Functionally Graded Coatings for Enhanced Corrosion Resistant Steel Tubing for Ultrasupercritical Boilers

DOE has a need for cost effective materials that can meet the high temperature creep and oxidation/corrosion requirements for the operation of ultrasupercritical boilers at high operating temperatures. To meet these requirements, this project will develop a new process to produce novel composite coatings on metal shapes. For the case of steel tubes for an ultrasupercritical boiler, a plasma transferred arc (PTA) torch will be used to melt a small pool in the surface of the steel tube, and chrome powder will be added to the melt pool. A localized N2 atmosphere results in the instantaneous formation of a Cr-Fe-N composite in a solid solution of Cr-Fe. The concentration of the nitride phase will be functionally graded, from very high at the surface to zero in the original substrate, which results in exceptionally strong bonding between the coating and the substrate. The concentration of the nitride phase can be controlled by the process conditions.
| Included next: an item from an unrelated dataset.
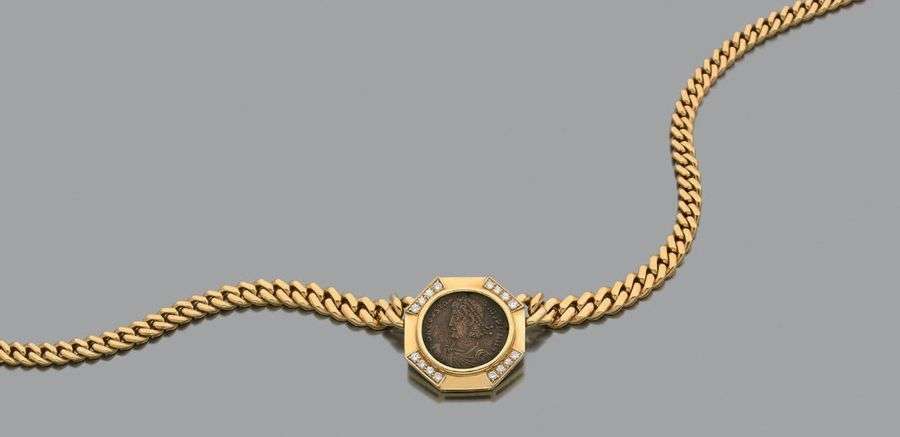 Collier pièce «Roman Empire Constantinus II», diamants et or 18K (750).

For example, as nitride content increases, hardness increases, and corrosion resistance is enhanced. In Phase I, the process conditions, coating composition, microstructure, and thickness will be optimized for scale-up in Phase II, where components will be tested in an operating boiler. Commercial Applications and other Benefits as described by the awardee: In addition to the tubing in ultrasupercritical boilers, the new coating technology should find application in other heat exchangers where corrosion resistance is an issue. The high hardness and erosion resistance of the coatings also should find use in applications requiring erosion resistance, such as turbine engines.